The Elucidation to this provision states that treatment and care cannot be stopped for financial reasons alone. If a patient or the patient’s family is no longer able to afford treatment or care, then the government will guarantee treatment and care.

Article 45(2) states that hospitals, and presumably doctors, cannot be sued or prosecuted for attempting to save the life of a person, if that person is to later die.

All current hospitals are given a two-year grace period to come into compliance with the provisions of the bill once it is enacted into law.

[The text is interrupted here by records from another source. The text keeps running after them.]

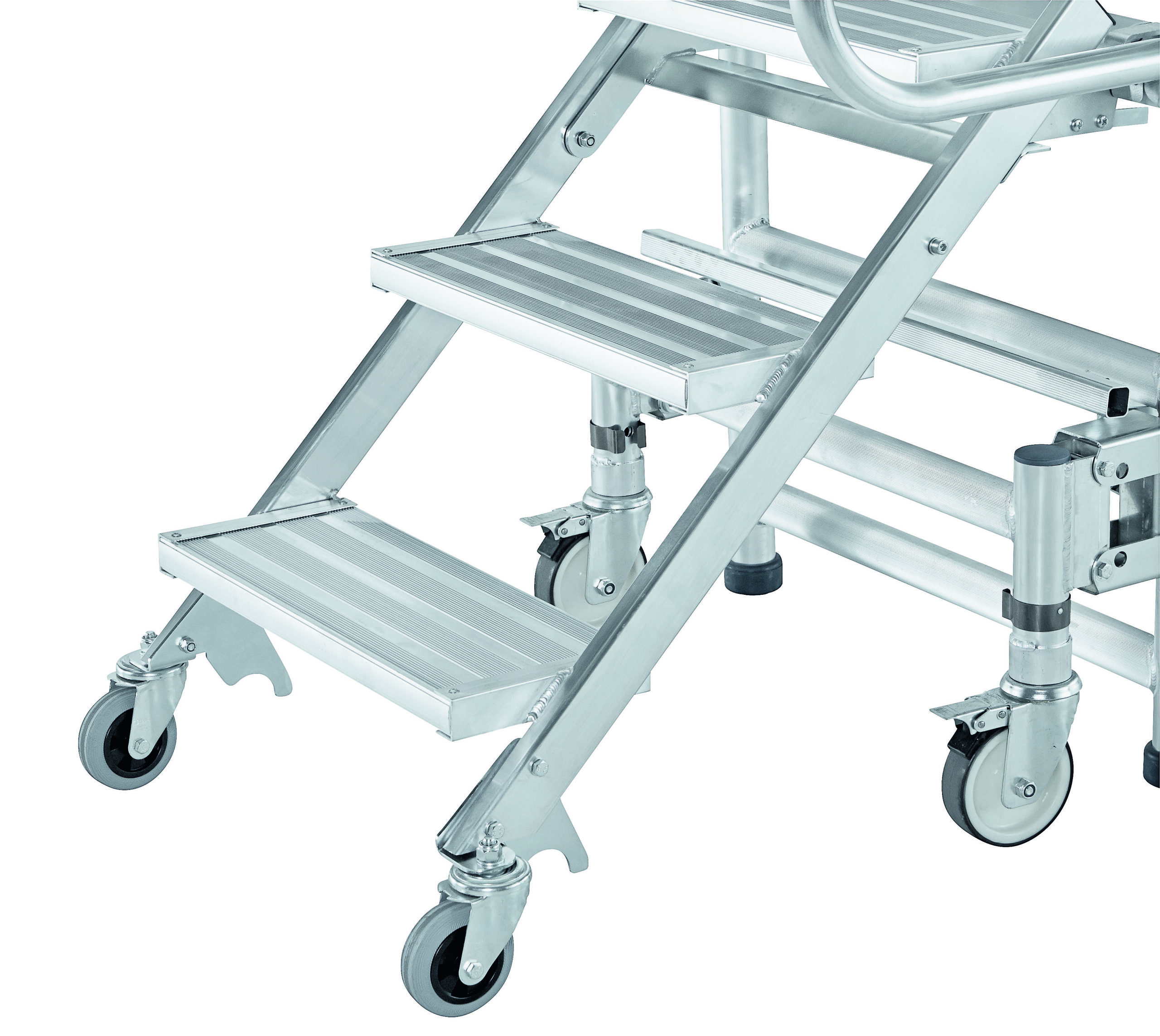 - Ready-for-use in no time through a central foot-operated brake on the access steps.
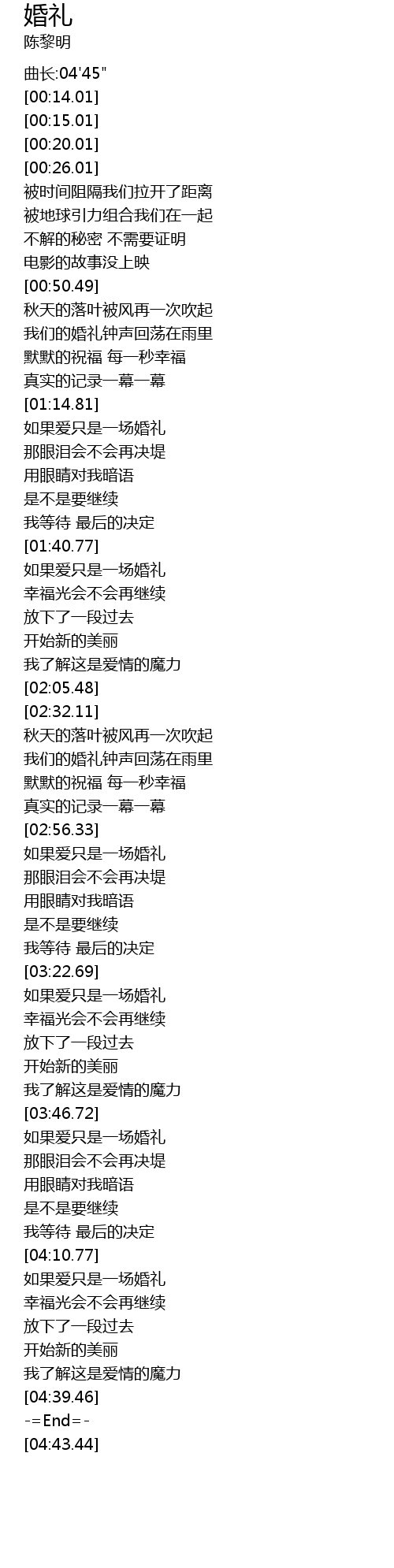 | [03:23.23] | 如果爱只是一场婚礼 |
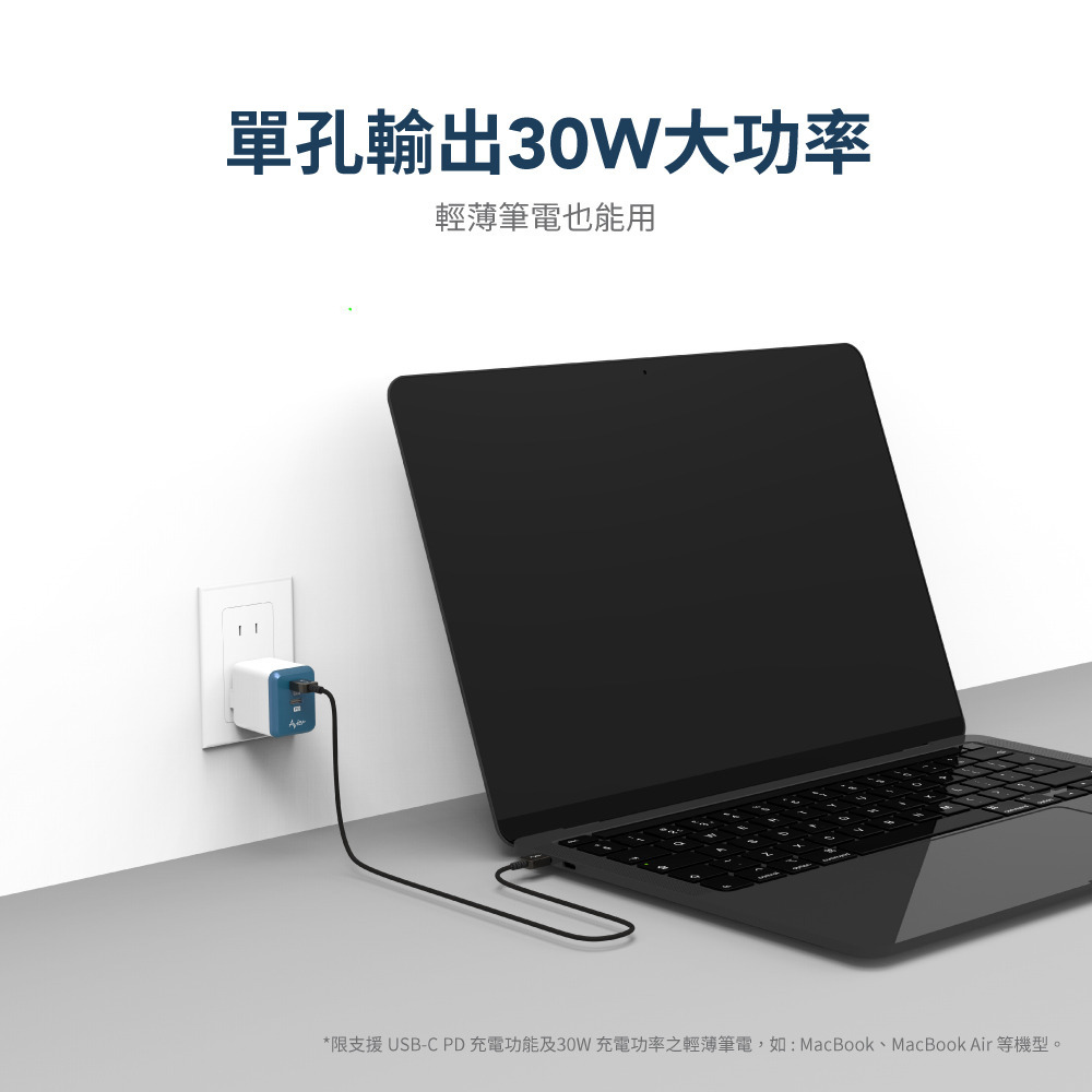 1. 單孔輸出 30W 大功率,輕薄筆電也能用

The bill comes into immediate force once it is enacted. Enactment requires the signature of the President. If the President fails to sign the bill into law then the bill will self-enact after 30 days pursuant to the 1945 Constitution.

5 comments:

krisnawan said...

Hi,

great informative article as always. So how do you say "living will" in Indonesian?

Thanks,

Kris

Rob Baiton said...

Kris...

Thanks!

Wasiat Hidup? :D

Kris said...

Have you heard it used that way? I'm really curious because other languages use terms akin to "advanced health directive", for instance in German it's "Patientenverfügung". I couldn't find the term in Dutch just now, but especially recently it's been my impression that Indonesian calques a lot of terms from the English, so "wasiat hidup" would make a lot of sense.

Rob Baiton said...

Kris...

To be honest, I have not looked it up and thought about what the Indonesian might be.

I will eventually get to asking around. I have not heard the term 'wasiat hidup', but then again I have not had any discussion of substance on the matter with any of my Indonesian colleagues.

I guess that I should :D

Rob Baiton said...

Kris...

Here is an example of it being used in Indonesian

http://spiritia.or.id/cst/bacacst.php?artno=1085&menu=perawmenu

I am still looking and asking around.